Honda Motor Co. melaporkan penurunan laba sebesar 24,5% untuk tahun fiskal yang berakhir pada Maret, terutama akibat penurunan penjualan kendaraan di Tiongkok dan dampak tarif baru yang diberlakukan oleh Presiden AS Donald Trump. Produsen mobil asal Jepang itu memperingatkan bahwa beban tarif ini akan memperburuk kinerja keuangan mereka pada tahun depan.
Dalam laporan yang dirilis Selasa (14/5), Honda mencatatkan laba tahunan sebesar 835,8 miliar yen (sekitar $5,6 miliar), turun dari 1,1 triliun yen pada tahun fiskal sebelumnya. Penjualan tahunan masih naik 6,2%, mencapai hampir 21,69 triliun yen ($147 miliar).

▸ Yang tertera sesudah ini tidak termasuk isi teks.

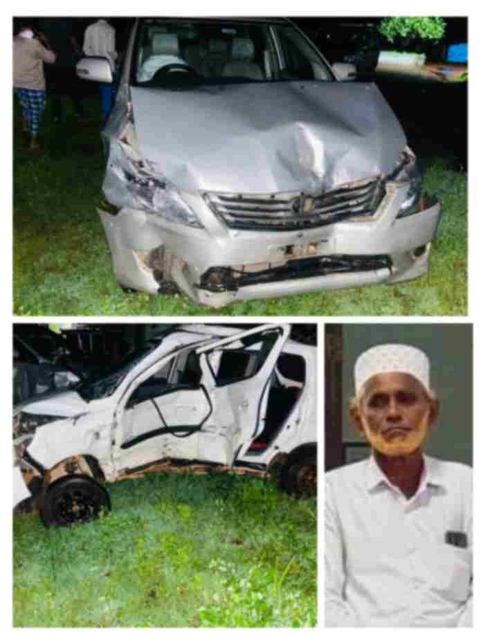 ಮಂಜೇಶ್ವರ: ಎರಡು ಕಾರುಗಳ ಮಧ್ಯೆ ಉಂಟಾದ ಅಪಘಾತದಲ್ಲಿ ಓರ್ವ ಮೃತ ಪಟ್ಟಿದ್ದು ಮೂರು ಮಂದಿ ಗಾಯಗೊಂಡಿದ್ದಾರೆ. 1-7-2024ರಂದು ರಾತ್ರಿ ಮೊರತ್ತಣೆ ಜಂಕ್ಷನ್ ನಲ್ಲಿ ಅಪಘಾತ ಸಂಭವಿಸಿದೆ. ಮಿಂಜ ಪಂಚಾಯತ್ ವ್ಯಾಪ್ತಿಯ ತಲೇಕಳ ಕುದ್ರೆಪ್ಪಾಡಿ ನಿವಾಸಿ ಅಬೂಬಕ್ಕರ್ ಮುಸ್ಲಿಯಾರ್ (65) ಮೃತಪಟ್ಟ ವ್ಯಕ್ತಿ. ರಾತ್ರಿ 11 ಗಂಟೆ ವೇಳೆ ಕುಟುಂಬದೊಂದಿಗೆ ಪಾವೂರು ಎಂಬಲ್ಲಿ ಕಾರ್ಯಕ್ರಮ ಮುಗಿಸಿ ಆಲ್ಟೊ ಕಾರಿನಲ್ಲಿ ಮನೆಗೆ ಮರಳು ತ್ತಿದ್ದಾಗ ಮೊರತ್ತಣೆಯಲ್ಲಿ ಮಜೀರ್ಪಳ ಭಾಗದಿಂದ ಆಗಮಿಸಿದ ಇನೋವಾ ಕಾರು ಡಿಕ್ಕಿಹೊಡೆದು ಅಪಘಾತ ಉಂಟಾಗಿರುವುದಾಗಿ ದೆ ನ್ನಾಲಾಗಿದೆ. ಇದರಿಂದ ಅಬೂಬಕರ್ ಮುಸ್ಲಿಯಾರ್ ಗಂಭೀರ ಗಾಯಗೊಂಡಿದ್ದು ಆಸ್ಪತ್ರೆಗೆ ಸಾಗಿಸುವ ಮಧ್ಯೆ ಮೃತಪಟ್ಟಿದ್ದಾರೆ. ಕಾರು ಚ ಲಾ ಸುತ್ತಿದ್ದ ಇವರ ಪುತ್ರಿ ಹಾಗೂ ಪತ್ನಿ. ಸೊಸೆ ಗಾಯಗೊಂಡು ಮಂಗಳೂರಿನ ಆಸ್ಪತ್ರೆಯಲ್ಲಿ ದಾಖಲಾಗಿದ್ದಾರೆ.

Meski penjualan sepeda motor global mencetak rekor dengan lebih dari 21 juta unit, dan penjualan kendaraan hybrid juga mencatat hasil baik (terutama di pasar AS), Honda tetap terpukul oleh biaya riset dan pengembangan yang tinggi serta melemahnya pasar Tiongkok.
Wakil Presiden Eksekutif Noriya Kaihara mengatakan bahwa tarif Trump diperkirakan akan menghapus 650 miliar yen ($4,4 miliar) dari laba operasional untuk tahun fiskal berikutnya (hingga Maret 2026). Tarif tersebut terutama dikenakan pada kendaraan dari Kanada dan Meksiko, dua negara tempat Honda memiliki pabrik besar. Sebaliknya, ekspor langsung dari Jepang ke AS dianggap tidak signifikan.

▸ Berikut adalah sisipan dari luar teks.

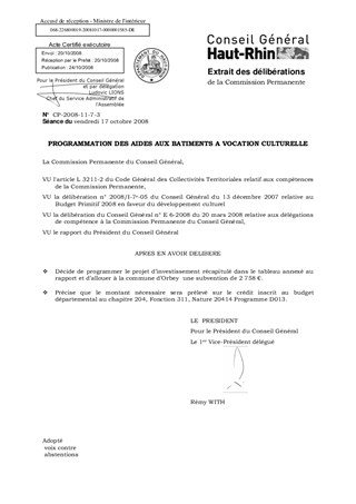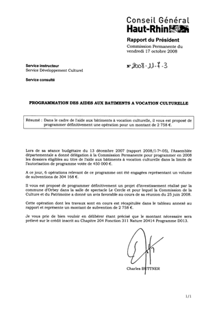 Dans le cadre de l'aide aux bâtiments à vocation culturelle, il vous est proposé de programmer définitivement une opération pour un montant de 2 758 €.

Honda memperkirakan penurunan laba drastis sebesar 70% pada tahun fiskal mendatang, dengan laba hanya 250 miliar yen ($1,7 miliar) dan penurunan penjualan menjadi 20,3 triliun yen ($137 miliar), turun 6%.
CEO Honda Toshihiro Mibe menekankan bahwa perusahaan akan berupaya meminimalkan dampak tarif dengan memindahkan produksi ke pabrik di AS dan mengevaluasi ulang rencana investasi global mereka. Ia mengakui bahwa semua keputusan akan diambil dengan “sangat hati-hati”.
Mibe juga menegaskan bahwa Honda tetap berkomitmen untuk meningkatkan produksi kendaraan listrik (EV), meskipun menghadapi tantangan dari kebijakan Trump yang tidak ramah terhadap mobil listrik. Beberapa produsen otomotif lainnya bahkan mulai mengurangi target elektrifikasi karena ketidakpastian regulasi dan pasar.
Sebelumnya, Honda sempat menjajaki kerja sama dengan Nissan dan Mitsubishi Motors untuk membentuk perusahaan induk bersama. Namun, rencana tersebut gagal setelah Nissan menyatakan mundur karena merasa tidak diuntungkan.
Di tengah ketidakpastian geopolitik dan pasar, Honda kini menghadapi tantangan berat dalam mempertahankan daya saing dan profitabilitasnya — sekaligus menjaga komitmen menuju masa depan yang lebih ramah lingkungan.